_EXERCISE DATA:_
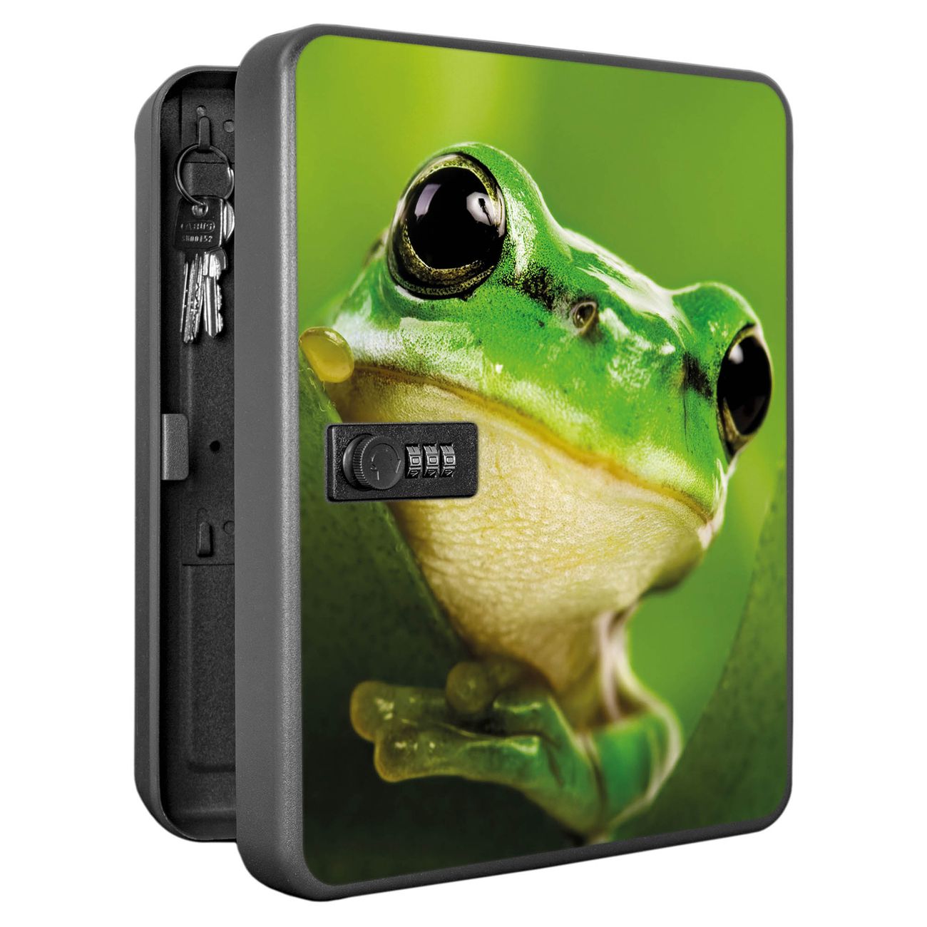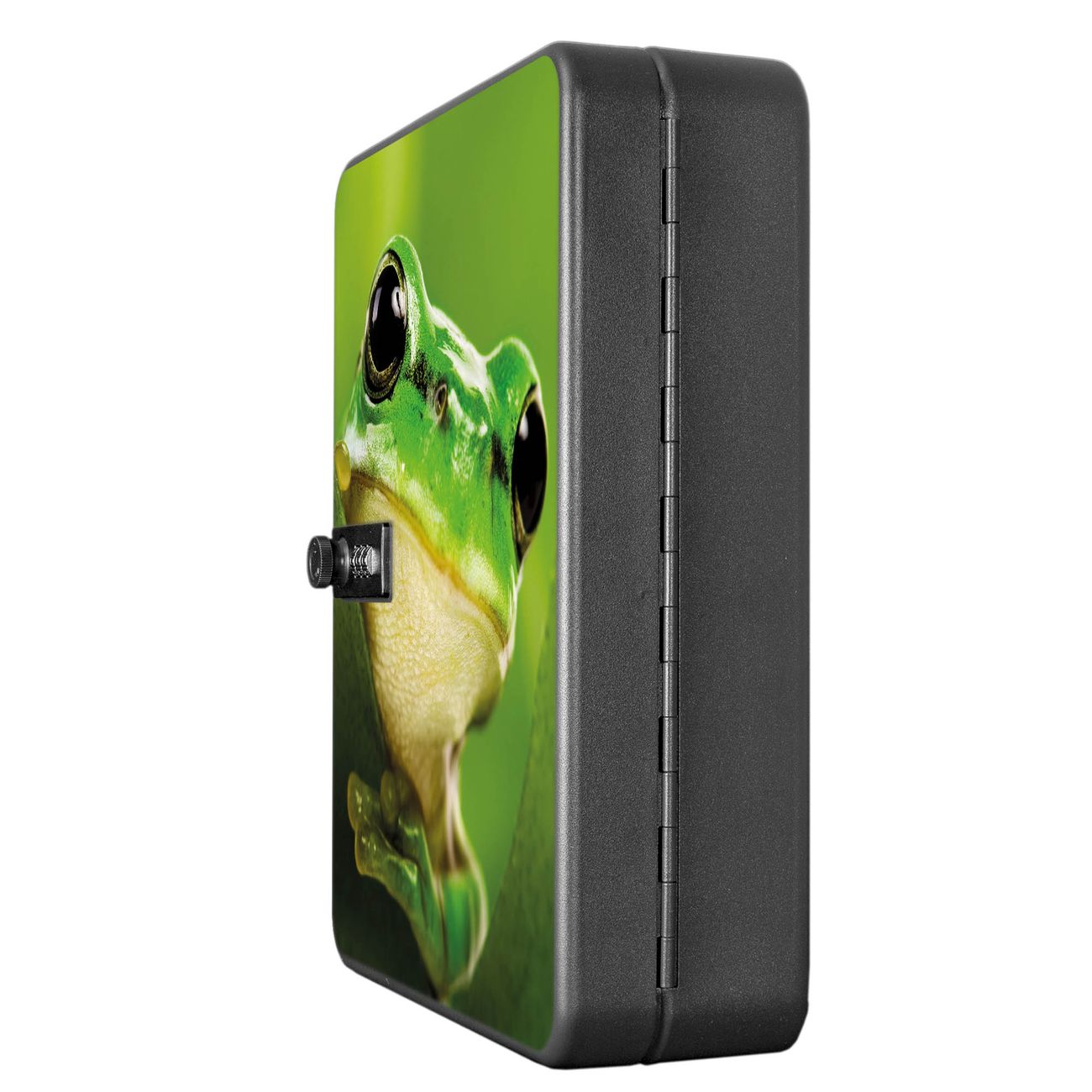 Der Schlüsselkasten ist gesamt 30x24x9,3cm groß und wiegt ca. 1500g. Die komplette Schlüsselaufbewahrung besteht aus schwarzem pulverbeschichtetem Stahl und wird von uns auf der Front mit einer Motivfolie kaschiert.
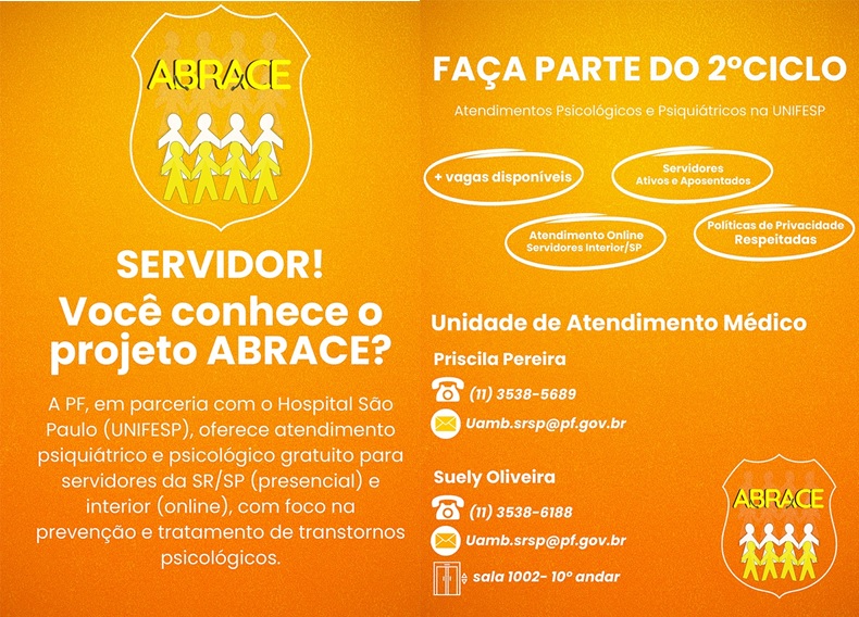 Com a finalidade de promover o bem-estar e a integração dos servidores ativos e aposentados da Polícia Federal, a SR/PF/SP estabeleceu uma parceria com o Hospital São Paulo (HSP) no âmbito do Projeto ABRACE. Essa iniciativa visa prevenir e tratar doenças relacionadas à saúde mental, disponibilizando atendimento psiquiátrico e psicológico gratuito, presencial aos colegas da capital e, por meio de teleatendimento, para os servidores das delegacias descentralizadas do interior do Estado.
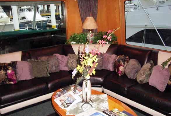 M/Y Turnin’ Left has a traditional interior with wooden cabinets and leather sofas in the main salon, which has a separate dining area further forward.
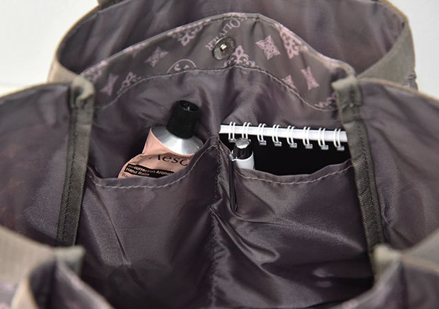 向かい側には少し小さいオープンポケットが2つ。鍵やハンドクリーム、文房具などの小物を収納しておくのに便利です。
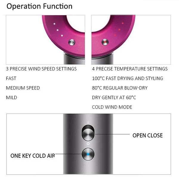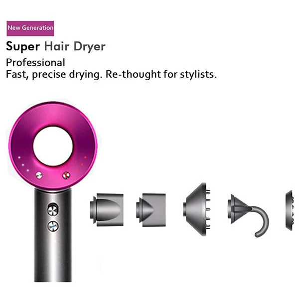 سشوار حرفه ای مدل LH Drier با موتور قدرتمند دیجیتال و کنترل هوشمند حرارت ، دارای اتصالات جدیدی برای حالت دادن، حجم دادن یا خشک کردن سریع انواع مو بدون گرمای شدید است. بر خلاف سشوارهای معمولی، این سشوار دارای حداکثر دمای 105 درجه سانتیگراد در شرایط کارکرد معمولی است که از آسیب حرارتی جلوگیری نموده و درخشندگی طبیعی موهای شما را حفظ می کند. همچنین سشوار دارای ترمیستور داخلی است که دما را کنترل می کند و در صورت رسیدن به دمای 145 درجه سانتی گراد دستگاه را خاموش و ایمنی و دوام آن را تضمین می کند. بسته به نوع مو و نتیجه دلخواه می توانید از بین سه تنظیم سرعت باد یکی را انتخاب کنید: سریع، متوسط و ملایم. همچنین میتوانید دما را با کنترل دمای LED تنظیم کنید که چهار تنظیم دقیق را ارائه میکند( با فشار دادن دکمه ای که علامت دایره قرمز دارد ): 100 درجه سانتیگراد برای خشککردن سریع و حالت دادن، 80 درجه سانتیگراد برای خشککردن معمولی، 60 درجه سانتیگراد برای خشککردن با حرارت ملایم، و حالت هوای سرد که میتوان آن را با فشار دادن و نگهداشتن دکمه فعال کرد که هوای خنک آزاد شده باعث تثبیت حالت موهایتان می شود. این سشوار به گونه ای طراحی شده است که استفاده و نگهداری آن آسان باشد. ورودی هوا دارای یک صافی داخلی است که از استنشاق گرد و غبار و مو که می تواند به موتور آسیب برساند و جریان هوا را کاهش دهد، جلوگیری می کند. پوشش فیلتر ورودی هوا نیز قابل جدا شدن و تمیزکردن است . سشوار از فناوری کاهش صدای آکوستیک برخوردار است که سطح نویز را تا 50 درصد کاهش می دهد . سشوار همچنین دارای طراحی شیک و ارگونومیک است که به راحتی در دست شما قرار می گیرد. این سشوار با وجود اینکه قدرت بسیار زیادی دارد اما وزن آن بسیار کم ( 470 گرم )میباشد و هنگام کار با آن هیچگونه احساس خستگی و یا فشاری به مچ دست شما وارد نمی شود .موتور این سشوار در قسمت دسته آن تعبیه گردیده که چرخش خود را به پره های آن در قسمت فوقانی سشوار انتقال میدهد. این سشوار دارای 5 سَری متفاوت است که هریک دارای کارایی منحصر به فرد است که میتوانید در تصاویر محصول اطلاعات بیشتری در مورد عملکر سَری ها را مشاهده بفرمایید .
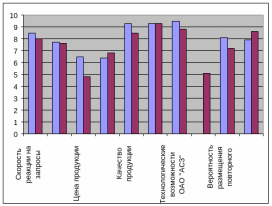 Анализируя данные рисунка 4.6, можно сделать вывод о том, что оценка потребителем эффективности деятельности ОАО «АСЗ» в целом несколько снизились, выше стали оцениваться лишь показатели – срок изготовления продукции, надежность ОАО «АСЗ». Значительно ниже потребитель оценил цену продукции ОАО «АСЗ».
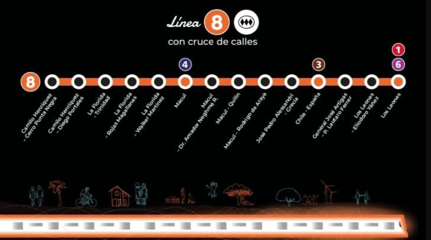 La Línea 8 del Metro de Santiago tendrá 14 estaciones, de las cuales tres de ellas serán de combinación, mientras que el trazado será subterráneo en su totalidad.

_EXERCISE:_ In your copy, please omit the pictures and print every line of the records exactly.

_SOLUTION TO THIS EXERCISE:_
 Der Schlüsselkasten ist gesamt 30x24x9,3cm groß und wiegt ca. 1500g. Die komplette Schlüsselaufbewahrung besteht aus schwarzem pulverbeschichtetem Stahl und wird von uns auf der Front mit einer Motivfolie kaschiert.
 Com a finalidade de promover o bem-estar e a integração dos servidores ativos e aposentados da Polícia Federal, a SR/PF/SP estabeleceu uma parceria com o Hospital São Paulo (HSP) no âmbito do Projeto ABRACE. Essa iniciativa visa prevenir e tratar doenças relacionadas à saúde mental, disponibilizando atendimento psiquiátrico e psicológico gratuito, presencial aos colegas da capital e, por meio de teleatendimento, para os servidores das delegacias descentralizadas do interior do Estado.
 M/Y Turnin’ Left has a traditional interior with wooden cabinets and leather sofas in the main salon, which has a separate dining area further forward.
 向かい側には少し小さいオープンポケットが2つ。鍵やハンドクリーム、文房具などの小物を収納しておくのに便利です。
 سشوار حرفه ای مدل LH Drier با موتور قدرتمند دیجیتال و کنترل هوشمند حرارت ، دارای اتصالات جدیدی برای حالت دادن، حجم دادن یا خشک کردن سریع انواع مو بدون گرمای شدید است. بر خلاف سشوارهای معمولی، این سشوار دارای حداکثر دمای 105 درجه سانتیگراد در شرایط کارکرد معمولی است که از آسیب حرارتی جلوگیری نموده و درخشندگی طبیعی موهای شما را حفظ می کند. همچنین سشوار دارای ترمیستور داخلی است که دما را کنترل می کند و در صورت رسیدن به دمای 145 درجه سانتی گراد دستگاه را خاموش و ایمنی و دوام آن را تضمین می کند. بسته به نوع مو و نتیجه دلخواه می توانید از بین سه تنظیم سرعت باد یکی را انتخاب کنید: سریع، متوسط و ملایم. همچنین میتوانید دما را با کنترل دمای LED تنظیم کنید که چهار تنظیم دقیق را ارائه میکند( با فشار دادن دکمه ای که علامت دایره قرمز دارد ): 100 درجه سانتیگراد برای خشککردن سریع و حالت دادن، 80 درجه سانتیگراد برای خشککردن معمولی، 60 درجه سانتیگراد برای خشککردن با حرارت ملایم، و حالت هوای سرد که میتوان آن را با فشار دادن و نگهداشتن دکمه فعال کرد که هوای خنک آزاد شده باعث تثبیت حالت موهایتان می شود. این سشوار به گونه ای طراحی شده است که استفاده و نگهداری آن آسان باشد. ورودی هوا دارای یک صافی داخلی است که از استنشاق گرد و غبار و مو که می تواند به موتور آسیب برساند و جریان هوا را کاهش دهد، جلوگیری می کند. پوشش فیلتر ورودی هوا نیز قابل جدا شدن و تمیزکردن است . سشوار از فناوری کاهش صدای آکوستیک برخوردار است که سطح نویز را تا 50 درصد کاهش می دهد . سشوار همچنین دارای طراحی شیک و ارگونومیک است که به راحتی در دست شما قرار می گیرد. این سشوار با وجود اینکه قدرت بسیار زیادی دارد اما وزن آن بسیار کم ( 470 گرم )میباشد و هنگام کار با آن هیچگونه احساس خستگی و یا فشاری به مچ دست شما وارد نمی شود .موتور این سشوار در قسمت دسته آن تعبیه گردیده که چرخش خود را به پره های آن در قسمت فوقانی سشوار انتقال میدهد. این سشوار دارای 5 سَری متفاوت است که هریک دارای کارایی منحصر به فرد است که میتوانید در تصاویر محصول اطلاعات بیشتری در مورد عملکر سَری ها را مشاهده بفرمایید .
 Анализируя данные рисунка 4.6, можно сделать вывод о том, что оценка потребителем эффективности деятельности ОАО «АСЗ» в целом несколько снизились, выше стали оцениваться лишь показатели – срок изготовления продукции, надежность ОАО «АСЗ». Значительно ниже потребитель оценил цену продукции ОАО «АСЗ».
 La Línea 8 del Metro de Santiago tendrá 14 estaciones, de las cuales tres de ellas serán de combinación, mientras que el trazado será subterráneo en su totalidad.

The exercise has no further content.